Personal information
- Full name: Stacy Leigh Bishop
- Date of birth: May 1, 1985 (age 40)
- Place of birth: Land o' Lakes, Florida, United States
- Height: 5 ft 8 in (1.73 m)
- Position(s): Midfielder

College career
- Years: Team / Apps / (Gls)
- 2003–2004: LSU Tigers
- 2005–2007: Florida Gators

Senior career*
- Years: Team / Apps / (Gls)
- 2005–2006: Central Florida Krush / 27 / (9)
- 2007: Jersey Sky Blue / 13 / (5)
- 2008: Tampa Bay Hellenic / 14 / (6)
- 2009: Boston Breakers / 9 / (0)
- 2009: Tampa Bay Hellenic / 5 / (3)
- 2009: Boston Breakers / 1 / (0)
- 2010: Atlanta Beat / 24 / (0)

= Stacy Bishop =

American college soccer player, professional soccer player, midfielder

Stacy Leigh Bishop (born May 1, 1985) is an American former college and professional soccer midfielder who last played for Atlanta Beat of Women's Professional Soccer.

== Early years ==

Bishop was born in Katy, Texas. She grew up in Land o' Lakes, Florida, and attended Land o' Lakes High School. She played for the Land o' Lakes Gators high school soccer team, and received Class 2A first-team all-state honors in 2001, 2002 and 2003. She led her team to the Class 2A state championship in 2003, and was named the Class 2A state player of the year. Bishop holds the Pasco County career scoring record with 192 goals.

== College career ==

Bishop accepted an athletic scholarship to attend Louisiana State University in Baton Rouge, Louisiana, where she played for the LSU Lady Tigers soccer team in 2003 and 2004. After her sophomore year, she transferred to the University of Florida in Gainesville, Florida and had to sit out the 2005 season due to transfer rules.
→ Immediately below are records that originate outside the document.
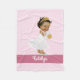 Princess baby girl nursery blanket in pink and white- Pink Moroccan quatrefoil lattice pattern with adorable, ethnic princess dressed all in white including slippers, a ruffled dress, gold tiara and matching jewellery with pearls. Add personalised baby girl's name in pretty white lettering on pink strip below. Irresistible, personalised girl baby shower gift or gift for newborn girl or for new parents that will become a keepsake.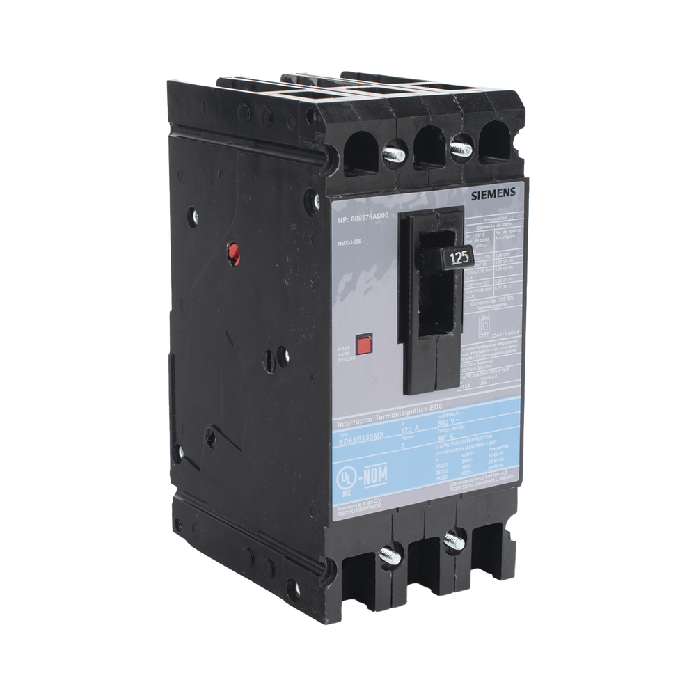 Interruptor Termomagnético ED6 600V 3X125A, Sin zapatas principales.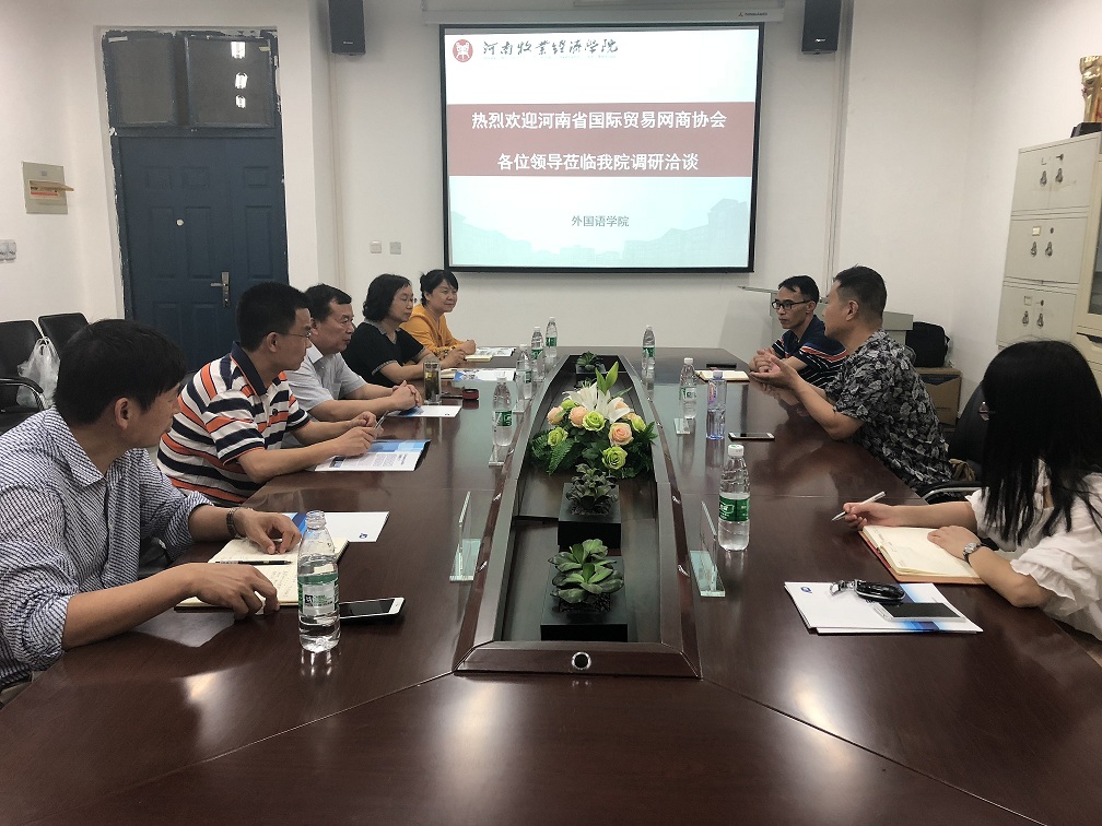 5月16日下午,河南省国际贸易网商协会秘书长王毅、河南安德在线电子科技有限公司总经理黄敬银、总经理助理杜洋莅临我校调研洽谈,太阳成集团122ccvip领导班子成员出席会议。
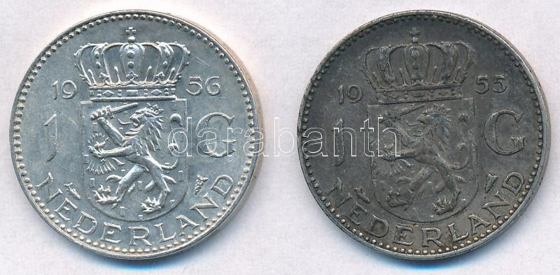 Hollandia 1955-1956. 1G Ag "I. Julianna" (2x) T:1-,2 patina Netherlands 1955-1956. 1 Gulden Ag "Juliana" (2x) C:AU,XF patina

She played for coach Becky Burleigh's Florida Gators women's soccer team in 2006 and 2007. Bishop was recognized as a first-team All-American and a Mac Hermann semi-finalist (top player in the country) in 2006. In both 2006 and 2007, she was an Academic All-American and a first-team All-Southeastern Conference (SEC) selection. Bishop graduated from the University of Florida with a bachelor's degree in health education in December 2007.

== Club career ==
Bishop played for the Central Florida Krush, a W-League franchise based in Winter Park, Florida in 2005–2006. The W-League allows college players the opportunity to play alongside established international players while maintaining their collegiate eligibility. In 2007, Bishop played for the W-League Jersey Sky Blue and in 2008 she played for the W-League Tampa Bay Hellenic.

In 2009, Bishop signed with the Boston Breakers, but was released on June 18, 2009, after making nine appearances for them. She then played for five games for Tampa Bay Hellenic of the W-League before being re-signed by Boston Breakers on July 17, 2009, and made one further appearance (34 minutes) for the club on July 19, 2009, against FC Gold Pride. At the conclusion of the 2009 Women's Professional Soccer season, she was released by the team. Bishop was signed by the Atlanta Beat for the 2010 WPS season. She appeared in every game for the Beat in 2010 and was top 5 in minutes played.